The thrust coefficient of the coaxial contra-rotating propeller is expectedly larger than that of the single propeller, though not quite doubled. This can be explained by the fact that the downstream propeller sees an increased advance ratio due to the upstream propeller stream, resulting in a reduced thrust. The analysis reveals that no major difference is observed in the thrust coefficients for varying distances.
The power coefficient of the single Mejzlik propeller remains nearly constant over most of the frequency range. And this time, varying the spacing in the coaxial configuration seems to have a non-negligible effect. The results obtained for d = 3 cm and 4 cm exhibit indeed substantial deviations from the other curves.

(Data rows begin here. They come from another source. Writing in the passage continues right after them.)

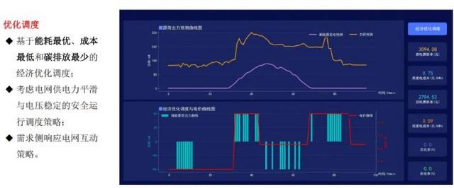 AI 驱动调度优化:基于深度学习的功率预测模型,结合分时电价、碳排成本动态调整能源分配,实现 "用能成本最低 + 碳排放最少" 双重目标。
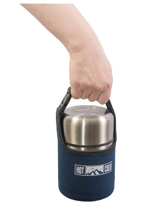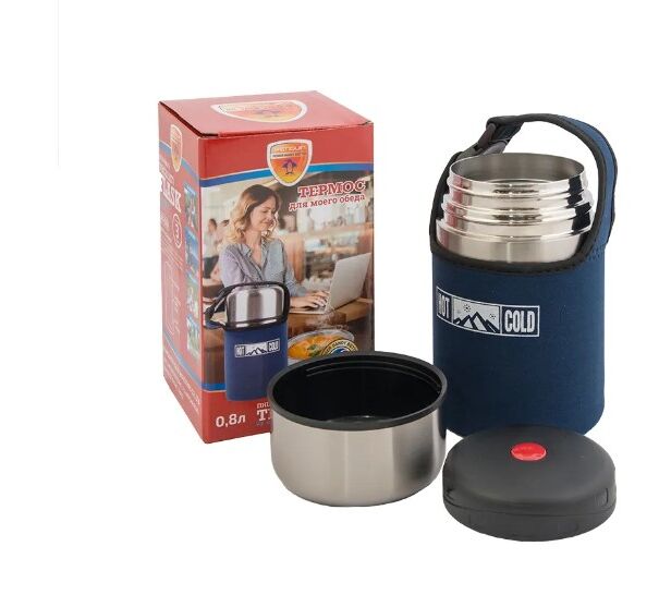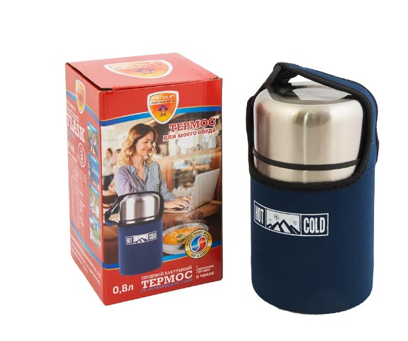 Термос в неопреновом чехле для завтраков-обедов на работу или в школу (артикул производителя BK-106B) . Чехол выполняет не только защитно-декоративные функции, но и помогает сохранить температуру. Наличие чехла прибавляет 2-4 градуса дополнительной температуры. Термос имеет широкое горло (диаметр 85 мм) объем 0,8 литра, снабжен глухой, термоизолированной пробкой. Температурные характеристики обеспечиваются глубоким вакуумом и специальным теплоотражающим покрытием на внутренней стороне колбы. Термос изготовлен из нержавеющей стали, корпус покрыт по технологии "free from trace" (грязе-устойчивый). Все пластмассовые части сделаны из первичной пластмассы, не имеющей истории переработки.
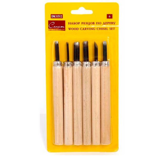 Набор резцов по дереву "Сонет" предназначен для работ по древесине мягких и твердых пород. Включает 6 специальных резцов с различной геометрией режущей кромки из закалённой стали на короткой деревянной ручке.
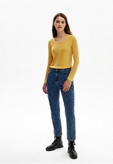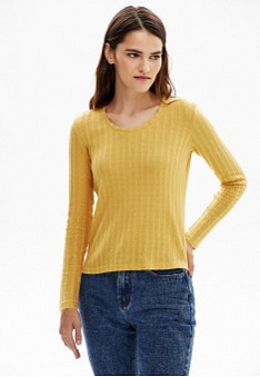 - Прямой силуэт, круглый вырез, длинные рукава.
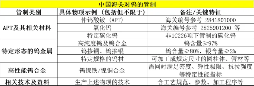 贸易限制:中国对仲钨酸铵(APT)的贸易限制核心是实施出口许可管制。这意味着出口APT必须事先获得中国商务部的许可,未经许可不得出口。这项规定是根据2025年2月4日生效的商务部、海关总署公告2025年第10号作出的。
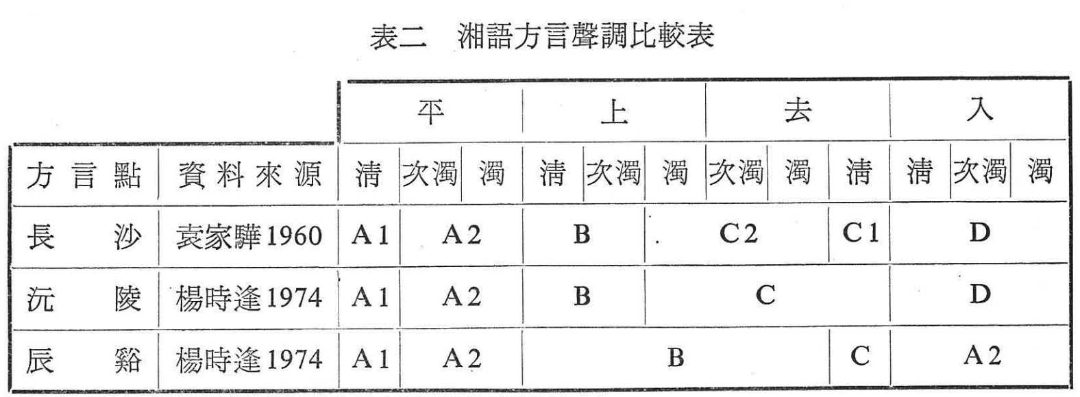 3. 其次我們觀察湘語。就上去聲的關係而言,湘語方言有表二所列的三種型態。
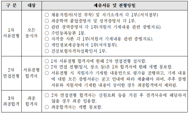 2) 채용 공고문을 자세히 읽어보고 작성하며, 제출서류의 누락 및 기재사항 누락, 허위 기재와 연락 불능 등으로 발생한 불이익은 일체
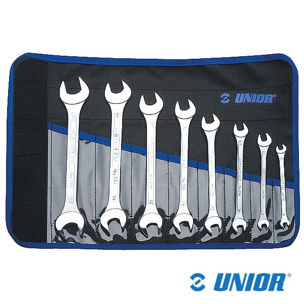 Zestaw kluczy płaskich marki UNIOR. Dwustronne w etui. Materiał: stal chromowo-wanadowa, kute matrycowo, całkowicie utwardzane i odpuszczane. W zestawie: 6x7, 8x9, 10x11, 12x13, 14x15, 16x17, 18x19, 20x22.
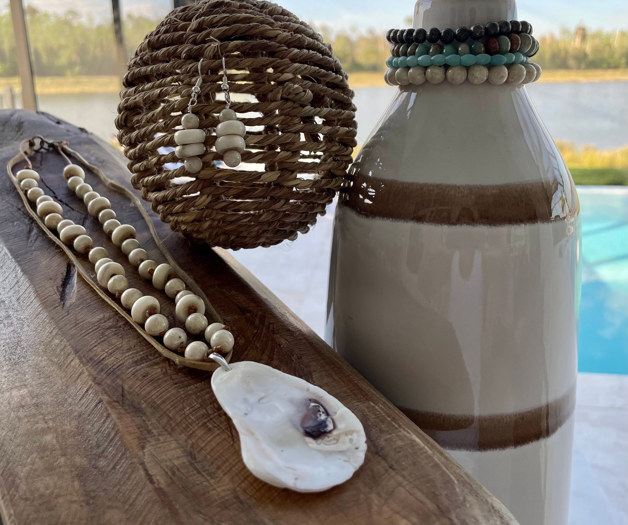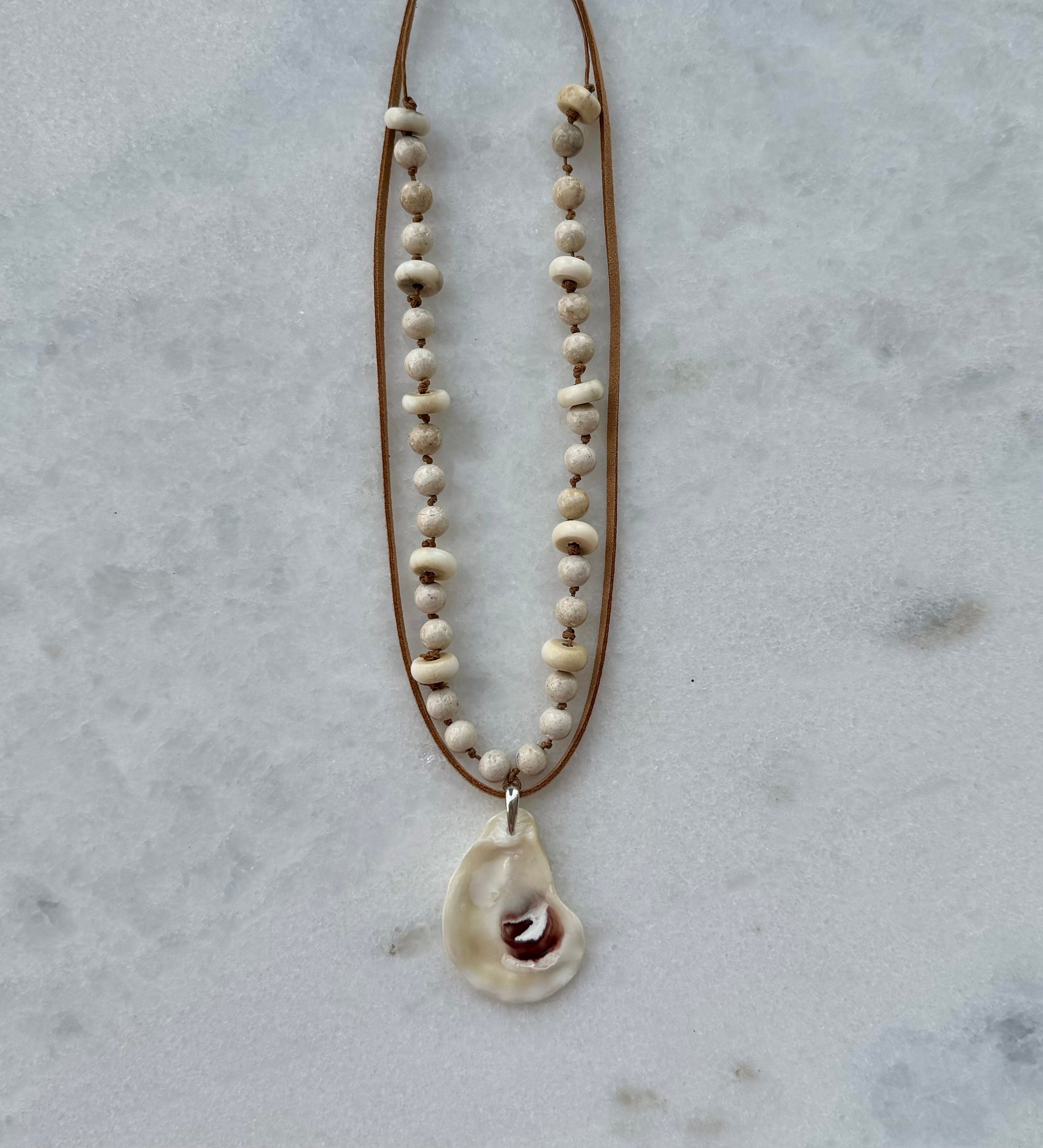 Embrace Calm, Balance and Protection while looking coastal chic! Our beautiful Natural Oyster Shell and Fossil Jasper gemstones are hand knotted and accented alongside soft suede. This gorgeous necklace is exclusively designed and handcrafted by Positively Me! We even hand picked these beautiful shells from Marco island beaches!
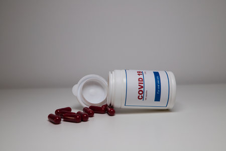 covid 19 medical pills medical pill container on table
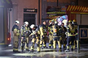 Brandkåren larmades vid 01.13 i natt via automatiskt brandlarm till Caroli city. När brandstyrkan kom fram var det rök i garaget. Rökdykare sändes ner för att kontrollera. Efter en stund hade rökdykarna lokaliserat en brinnande bil och påbörjat släckning. Garaget är stort och rök hade spritt sig till stora delar av det underjordiska garaget. Även sprinklersystemet hade utlöst så en del vatten fans i garaget. Under natten höll brandpersonalen på att vädra ut brandrök ur garaget. I nuläget verkar inga av butikerna ha drabbats av röken. Även ett hotell ligger i bostadskomplexet men hotellet värkar ha klarat sig undan röken. Inga personer uppges ha skadats vid branden. Polis kom till platsen men i nuläget vet man inte hur bilbranden i garaget startat.

The absence of a monotonic trend of the power coefficient as a function of the separation complicates however the interpretation of the graph, which would deserve further investigations to better understand the observations.
3.5 Acoustic characterization of the Mejzlik 13 × 4.2 propeller
This section presents the acoustic characterization of single (counterclockwise type) and contra-rotatingMejzlik propellers within the experimental database outcomes [25]. The analysis will focus on the tonal noise emitted by the propellers as it is usually the main contribution to the overall noise levels. Section 3.5.1 presents the noise maps for the first BPF acquired with the microphone antenna, while Sections 3.5.2 and 3.5.3 investigate the effect of varying RPM and varying distances between the two propellers.
3.5.1 Noise maps
Figures 12 and 13 depict the SPL at the first BPF peak measured with the squared microphone antenna (see Sect. 2.3) with single and contra-rotating Mejzlik 2-blades propeller operating at 6000 RPM, respectively. The single propeller was rotating counter-clockwise. Moreover, the distance between the front and rear propellers in coaxial configuration was set to d = 3 cm. The SPL is shown for the three planes scanned by the antenna (see Fig. 4). In Figures 12 and 13, the propeller disk is represented in black. In total, 216 measurements were taken across the grid for the test cases. The first tone is mainly caused by the steady loading noise on the propeller. Higher noise levels are measured closer to the rotor plane, as predicted by theory [15]. This phenomenon is noted in both single and contra-rotating cases (Figs. 12 and 13). Similarly for single and coaxial propellers, the noise maps show a variation of about 10 dB between the radiation observed at the upstream section and the propeller plane where higher levels of noise are measured. In Figure 13, the noise radiation of coaxial propellers appears to be distributed uniformly across the upstream plane. Overall, the levels of radiated noise increase by about 3 dB in the region of the propeller plane with a coaxial configuration with respect to the single propeller.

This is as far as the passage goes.